Available data:
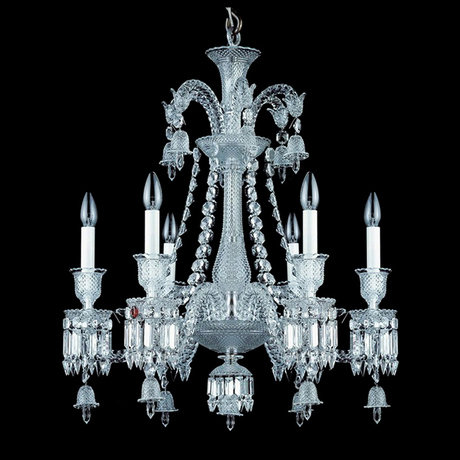 Люстра 6-ти рожковая из коллекции Baccarat выполнена в классическом стиле. Дизайн ламп выполнен в виде свечей в подсвечниках. Ваза, чашечки, кулоны и подвески из хрусталя и стекла прозрачного цвета. Арматура выполнена из металла цвета хром. Высота светильника регулируется за счет звеньев цепи. Количество лампочек: 6. Мощность: 6 x 40 Вт. Тип лампы: Накаливания, E14.
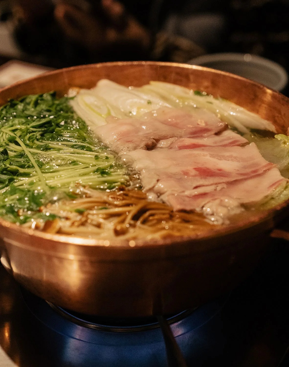 If you order a course meal for the table, the shabu shabu is presented in a shared pot.
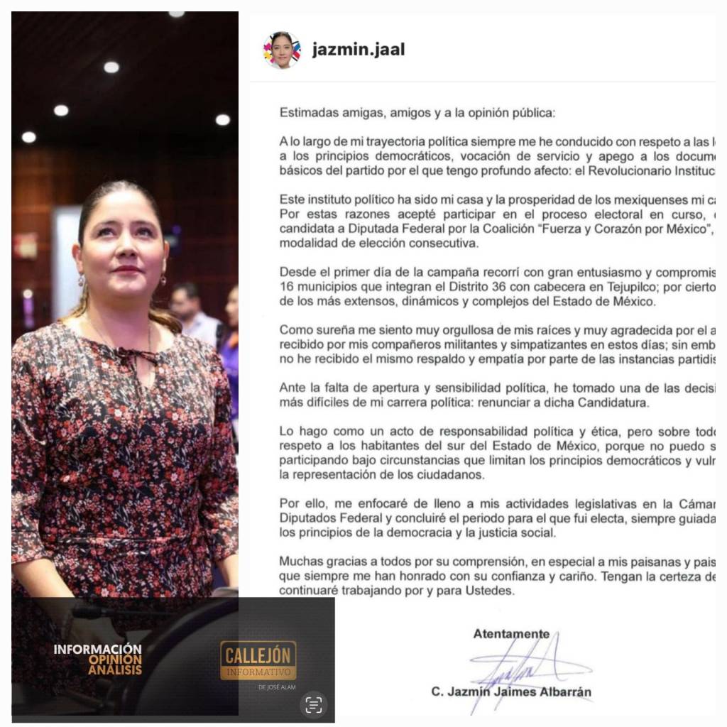 Jazmín Jaimes Albarrán dio a conocer que renunció a la candidatura de la coalición «Fuerza y Corazón por México» a diputada federal por el Distrito Federal, con cabecera en Tejupilco.

What you are asked to do: Please write out the whole listing exactly, but not the pictures in it.

Task result:
 Люстра 6-ти рожковая из коллекции Baccarat выполнена в классическом стиле. Дизайн ламп выполнен в виде свечей в подсвечниках. Ваза, чашечки, кулоны и подвески из хрусталя и стекла прозрачного цвета. Арматура выполнена из металла цвета хром. Высота светильника регулируется за счет звеньев цепи. Количество лампочек: 6. Мощность: 6 x 40 Вт. Тип лампы: Накаливания, E14.
 If you order a course meal for the table, the shabu shabu is presented in a shared pot.
 Jazmín Jaimes Albarrán dio a conocer que renunció a la candidatura de la coalición «Fuerza y Corazón por México» a diputada federal por el Distrito Federal, con cabecera en Tejupilco.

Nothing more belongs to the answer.